[Extracted material Boundary: Start]
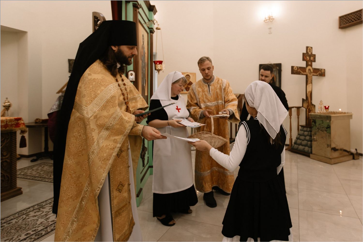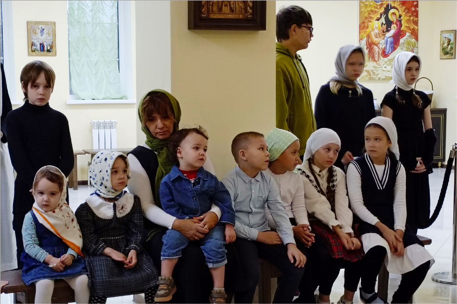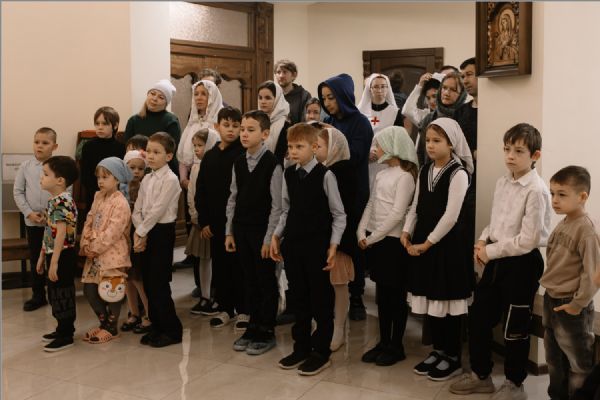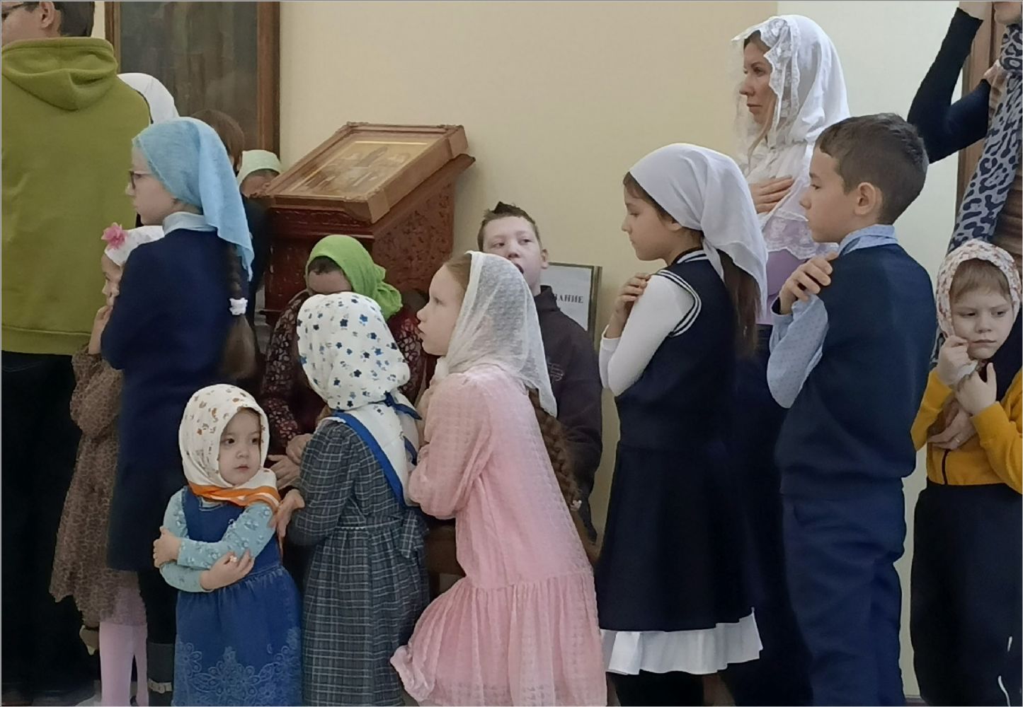 Ученики, родители и преподаватели воскресной школы «Зёрнышко», художественной школы Духовно-просветительского центра при Серафимовском приходе совместно подготовились и причастились на Литургии. Помогали на службе участники молодежной лаборатории «Серафим», действующей при храме.
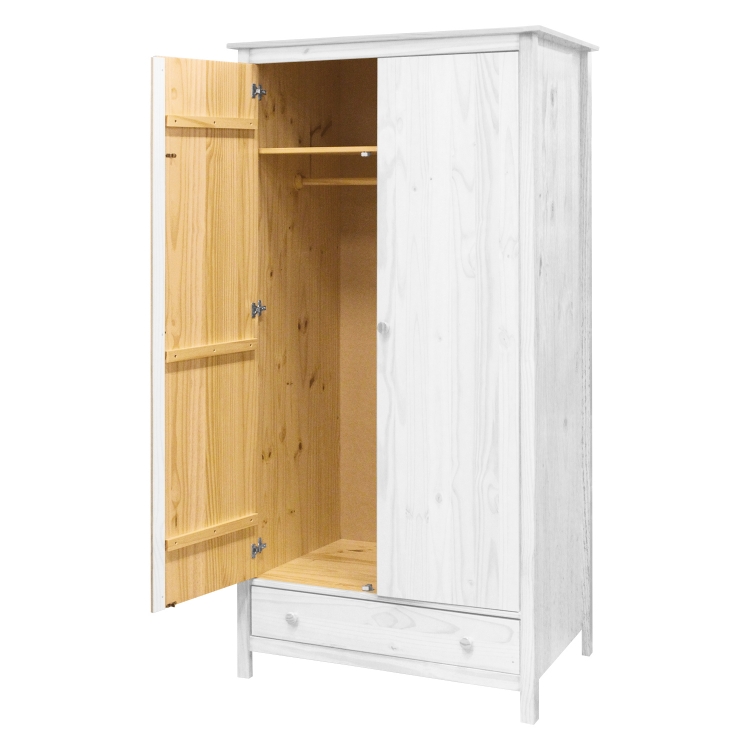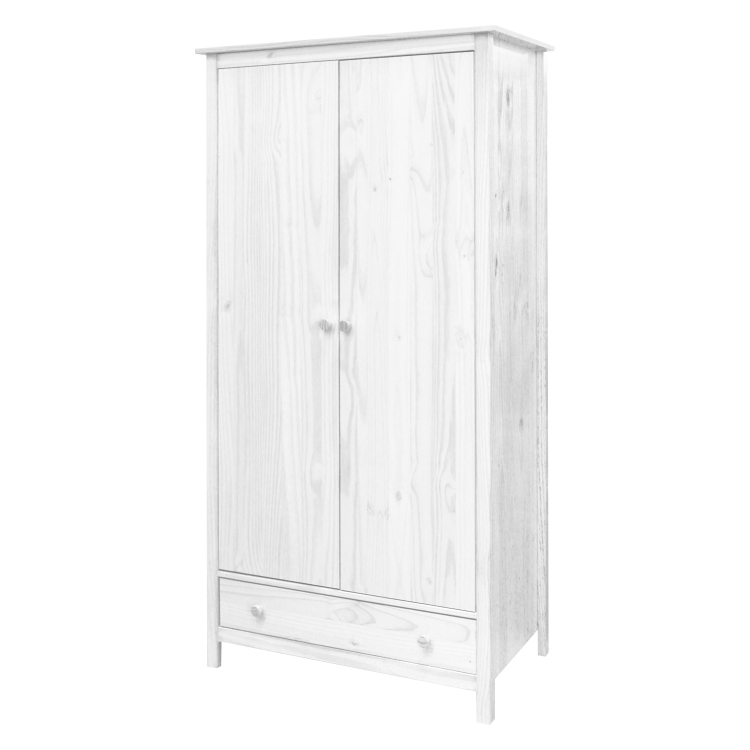 materiál masiv borovice, barevné provedení bílý lak šatní skříň vybavená šatní tyčí a policí ve spodní části zásuvka s kovovými pojezdy
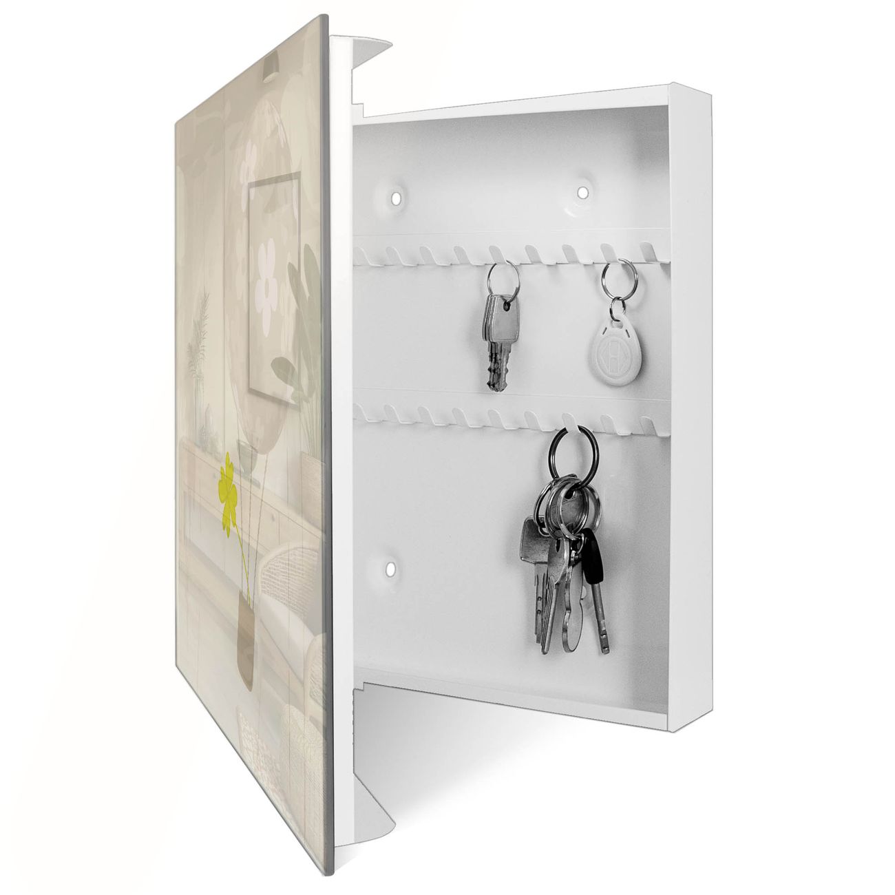 Bringe Ordnung und Eleganz in deinen Eingangsbereich mit dem banjado Schlüsselkasten Motiv Motiv Flüchtiges Glück. Die moderne Schlüsselbox kombiniert funktionales Design mit hochwertiger Verarbeitung und wird so zu einem echten Hingucker in Flur, Büro oder Ferienwohnung. ✅ Stilvolle Schlüsselaufbewahrung mit Glasfront im Motiv Motiv Flüchtiges Glück Der Design-Schlüsselkasten Motiv Motiv Flüchtiges Glück bietet Platz für bis zu 50 Schlüssel, die auf 5 stabilen Reihen mit je 10 Haken übersichtlich verstaut werden. Mit seinen kompakten Maßen von 30 x 30 x 5 cm passt die Schlüsselbox perfekt auch in kleinere Räume. Der weiß lackierte Stahlkorpus mit rechts angeschlagenem Türscharnier harmoniert mit der Glasfront und fügt sich nahtlos in jedes Wohnambiente ein. Ob als Schlüsselorganizer für Zuhause oder als praktische Lösung für Büros, Praxen und Gewerbe, der banjado Schlüsselkasten sorgt für Ordnung und Übersicht. Dank der magnetischen, mit Kreidestiften beschreibbaren Glasfront kannst du Notizen anheften oder Termine direkt auf der Oberfläche festhalten. Die Schlüsselbox Motiv Motiv Flüchtiges Glück zur Wandmontage wird inklusive Befestigungsmaterial geliefert und ist schnell angebracht. So hast du deine Schlüssel jederzeit griffbereit und zugleich stilvoll verstaut. Mit diesem banjado Schlüsselkasten Motiv Motiv Flüchtiges Glück kombinierst du praktische Aufbewahrung mit stilvollem Wohndesign. Ob privat oder geschäftlich, die Schlüsselbox sorgt für mehr Ordnung, Übersicht und ein wohnliches Ambiente.Vorteile im Überblick
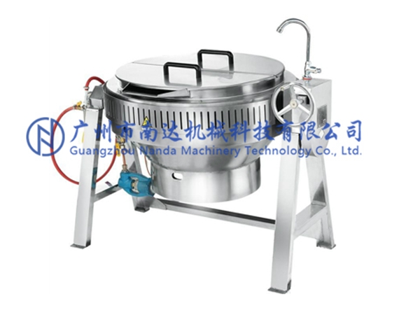 夾層鍋從類型上分為半自動與全自動。 從加熱形式上分為:蒸汽式、燃氣式、燃氣導熱油、電加熱導熱油和電磁加熱方式。 主要結構由鍋體、架體、攪拌系統、加熱系統、調速傳動裝置、攪拌臂、鍋體翻轉系統等組成。
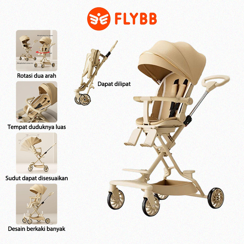TERLARIS FLYBB Stroller Bayi Lipat Travelling Duduk Dan Berbaring Kereta Dorong Bayi kursi Dua Arah
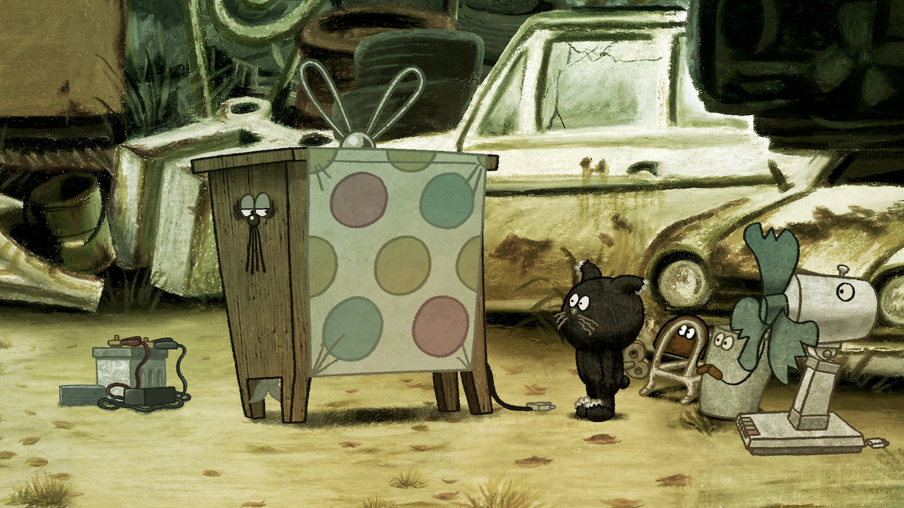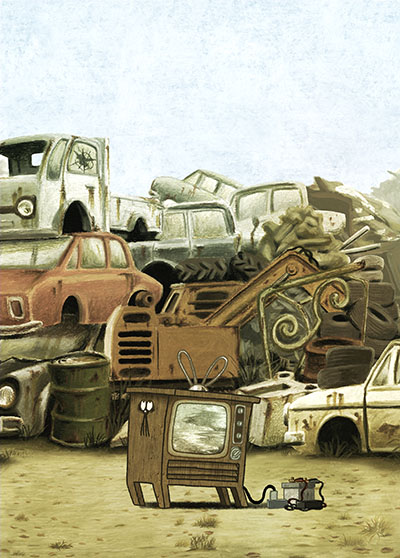 Phim xoay quanh nhân vật chính là một chiếc ti vi lỗi thời, được sản xuất từ thập niên 60, tuy còn dùng được nhưng vẫn bị thải bỏ, vứt lại chỏng chơ trong bãi phế liệu đầy những “xác chết” của các vật dụng. Tại đây, nó gặp thêm vài “vật sống” nữa, gồm một chú mèo vặn dây cót bị lòi bông, một chiếc xô bị thủng lỗ trước mặt, một chiếc quạt trông rất te tua và một chiếc ghế đã mất ván ngồi. Có thể thấy, những vật này vẫn chưa mất hoàn toàn giá trị sử dụng, chúng bị vứt bỏ vì sự lỗi thời nhiều hơn. Đặc biệt là chú mèo và chiếc ti vi, chúng dường như đơn giản bị thay thế chỉ vì sở thích của con người. Con người chỉ chạy theo những thứ mới mẻ hơn, và không thương tiếc ruồng rẫy những gì thuộc về quá khứ.
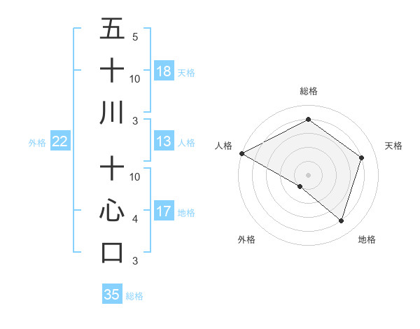 五十川 十心口さんの総格は35画の4点!
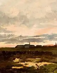 ![]() | Manuel Ramos Artal Paisaje crepuscular hacia 1890 óleo sobre lienzo | Manuel Ramos Artal (1855-¿1920?), pintor paisajista español que bajo el estímulo de Haes viajó por los Países Bajos, Italia, Francia y Portugal. Su máximo galardón oficial fue una tercera medalla en la Exposición Nacional de 1884 por su Paisaje de las cercanías del Cristo de la Vega (Toledo).[16]. Nombrado profesor de ascenso de la Escuela de Artes e Industrias de Madrid en 1915.[17]. | |||||||||||
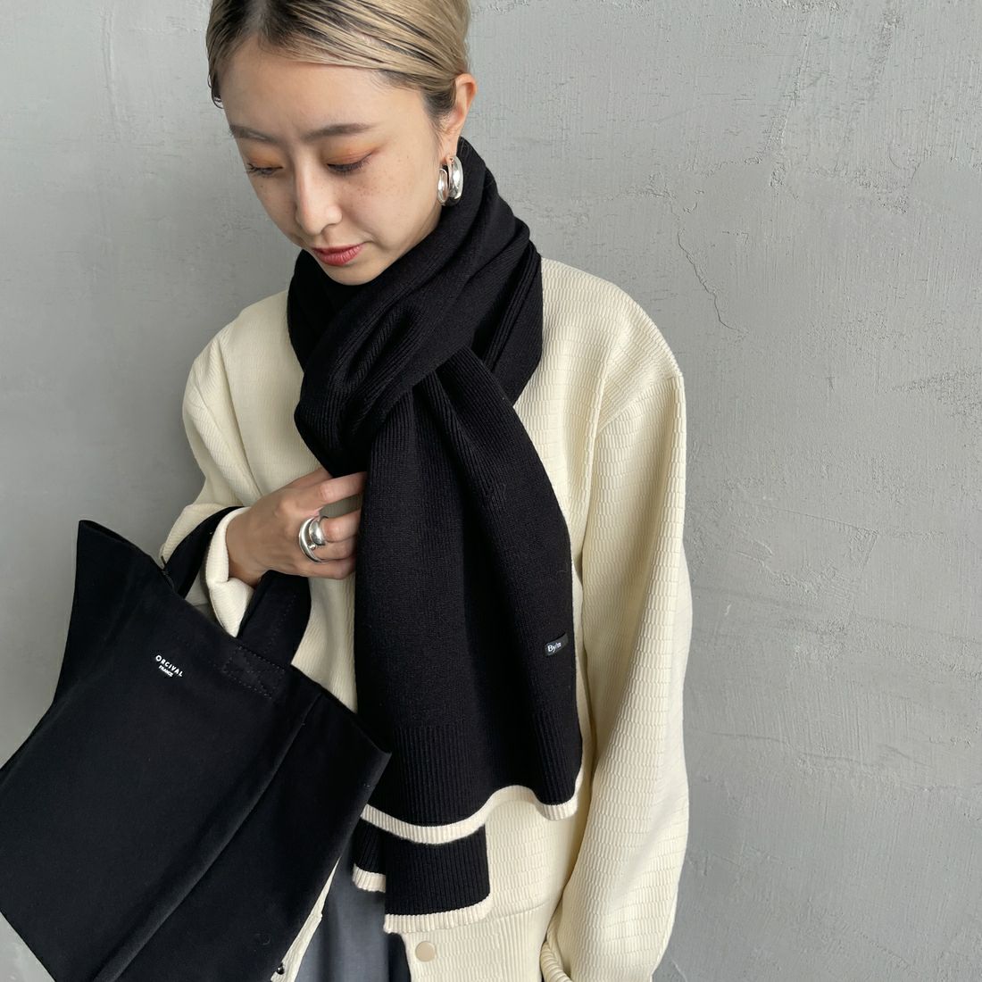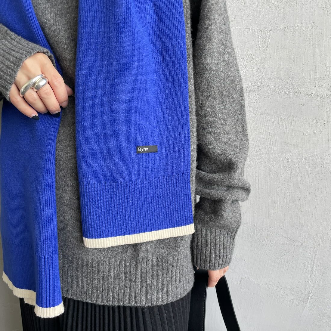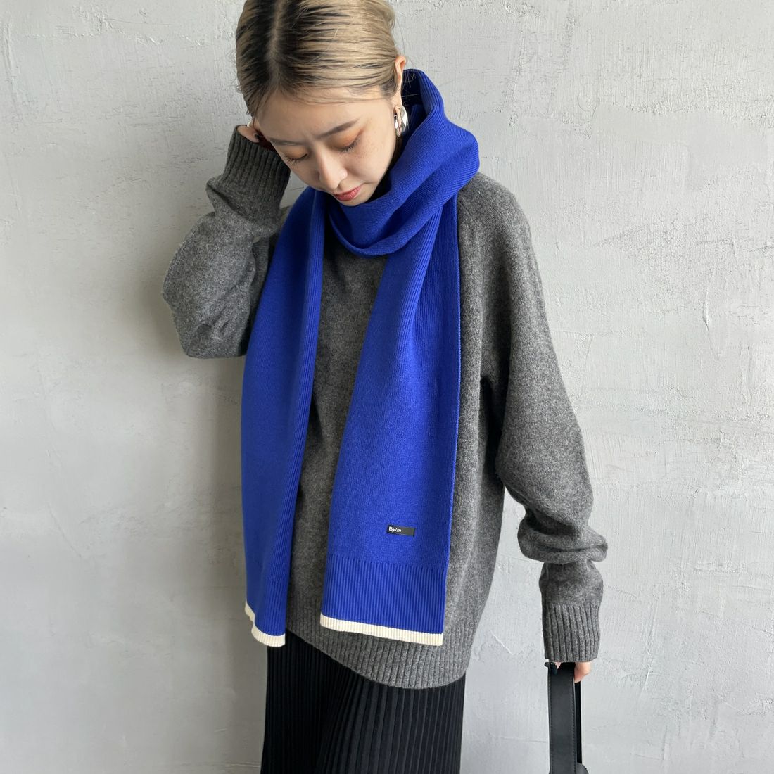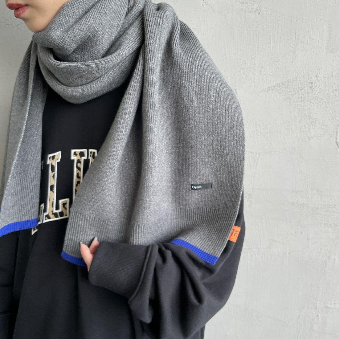 By/m[バイエム]のバイカラーマフラー。配色ラインのコントラストが目を惹くバイカラーマフラー。トーンが暗くなりがちな秋冬の装いのポイントになる、アクセサリー感覚で使えるトレンドライクなデザインが魅力的。チクチクしない柔らかな肌触りと、ふんわりと優しいスポンディッシュな着け心地が特徴で、シーズンムードを盛り上げてくれる、見た目も暖かなアイテムです。しっかりと長さがあるので、様々な着け方のアレンジが楽しめます。
[Extracted material Boundary: End]
Give back the material exactly as written, from its first line to the line that contains "materiál masiv borovice, barevné", and leave out the pictures.

◆ Result
 Ученики, родители и преподаватели воскресной школы «Зёрнышко», художественной школы Духовно-просветительского центра при Серафимовском приходе совместно подготовились и причастились на Литургии. Помогали на службе участники молодежной лаборатории «Серафим», действующей при храме.
 materiál masiv borovice, barevné provedení bílý lak šatní skříň vybavená šatní tyčí a policí ve spodní části zásuvka s kovovými pojezdy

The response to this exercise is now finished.